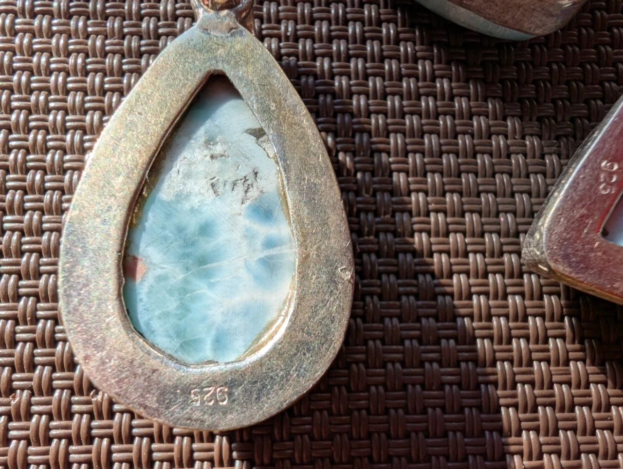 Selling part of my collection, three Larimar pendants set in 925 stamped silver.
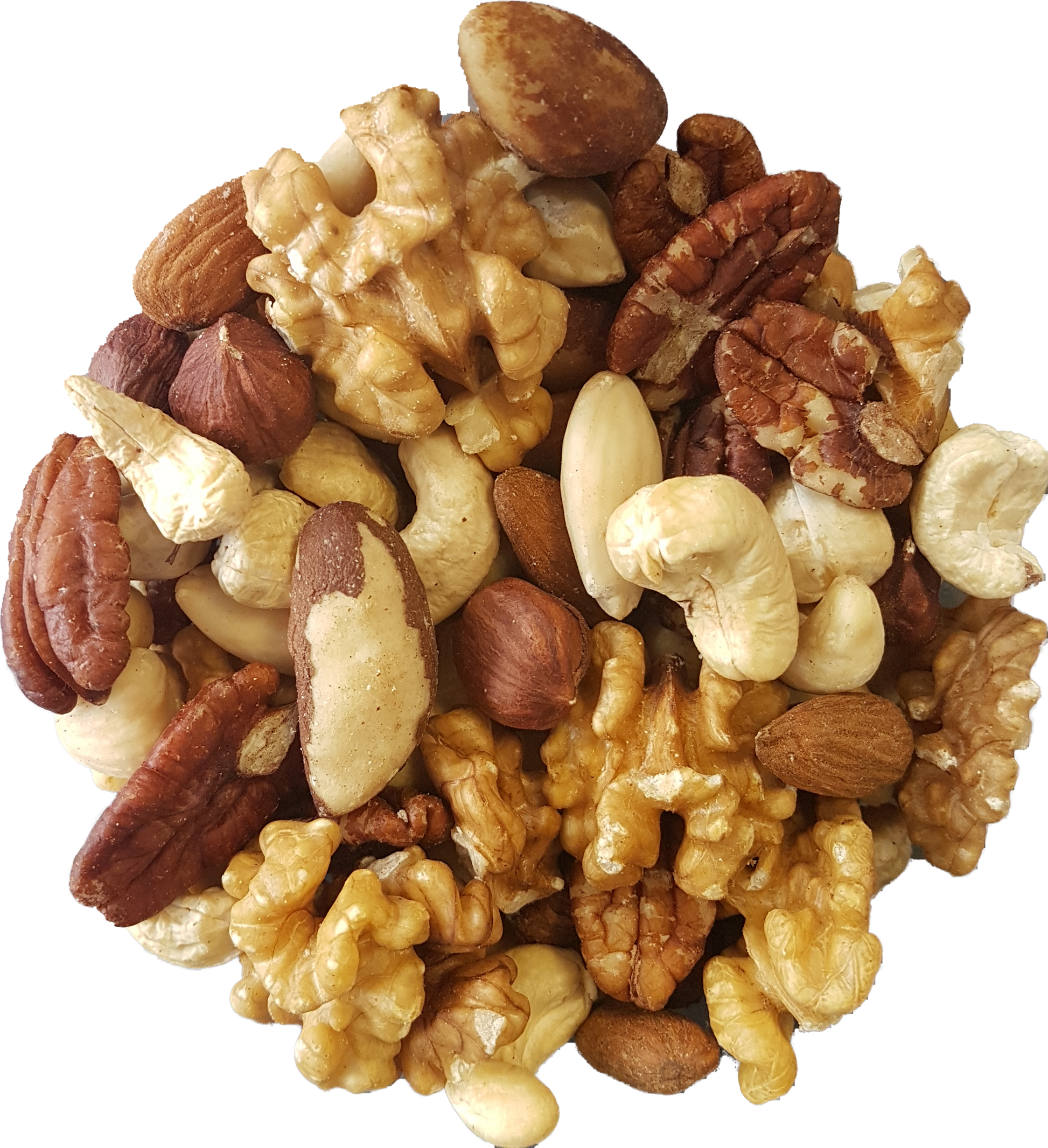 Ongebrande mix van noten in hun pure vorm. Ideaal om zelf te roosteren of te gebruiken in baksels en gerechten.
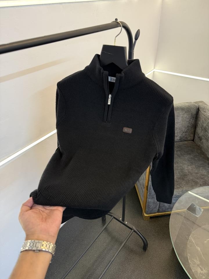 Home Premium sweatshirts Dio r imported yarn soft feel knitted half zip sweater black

--

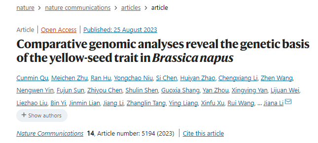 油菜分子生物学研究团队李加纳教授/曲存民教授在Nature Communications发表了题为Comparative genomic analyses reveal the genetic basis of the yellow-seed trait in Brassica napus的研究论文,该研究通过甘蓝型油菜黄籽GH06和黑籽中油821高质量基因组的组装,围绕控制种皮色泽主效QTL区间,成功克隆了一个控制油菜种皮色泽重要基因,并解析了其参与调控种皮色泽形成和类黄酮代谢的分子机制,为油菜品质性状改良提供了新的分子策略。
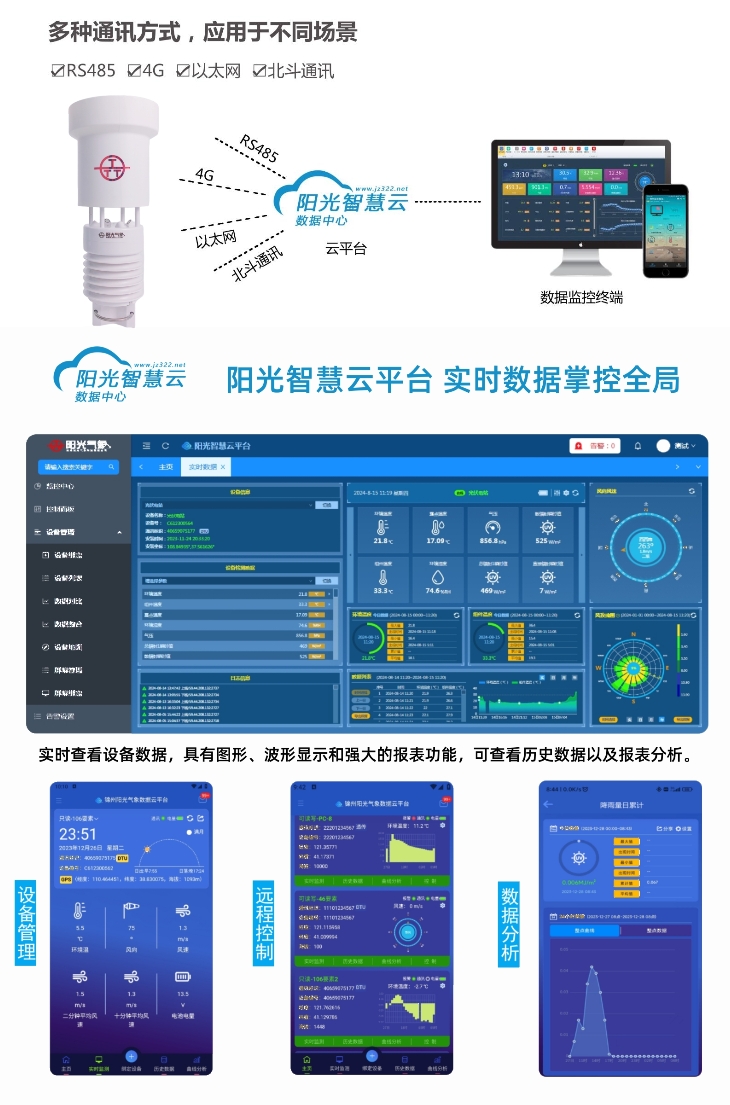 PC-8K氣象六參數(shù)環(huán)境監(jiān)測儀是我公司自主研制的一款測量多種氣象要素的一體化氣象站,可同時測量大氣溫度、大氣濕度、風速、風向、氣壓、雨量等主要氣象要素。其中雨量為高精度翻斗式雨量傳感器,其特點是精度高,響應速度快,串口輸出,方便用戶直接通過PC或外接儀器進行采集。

> [Your assignment] Only one stretch of the entries above is needed: the lines from the one containing "Ongebrande mix van" through the one containing "Home Premium sweatshirts". Copy it exactly, without the pictures.

> [Output]
 Ongebrande mix van noten in hun pure vorm. Ideaal om zelf te roosteren of te gebruiken in baksels en gerechten.
 Home Premium sweatshirts Dio r imported yarn soft feel knitted half zip sweater black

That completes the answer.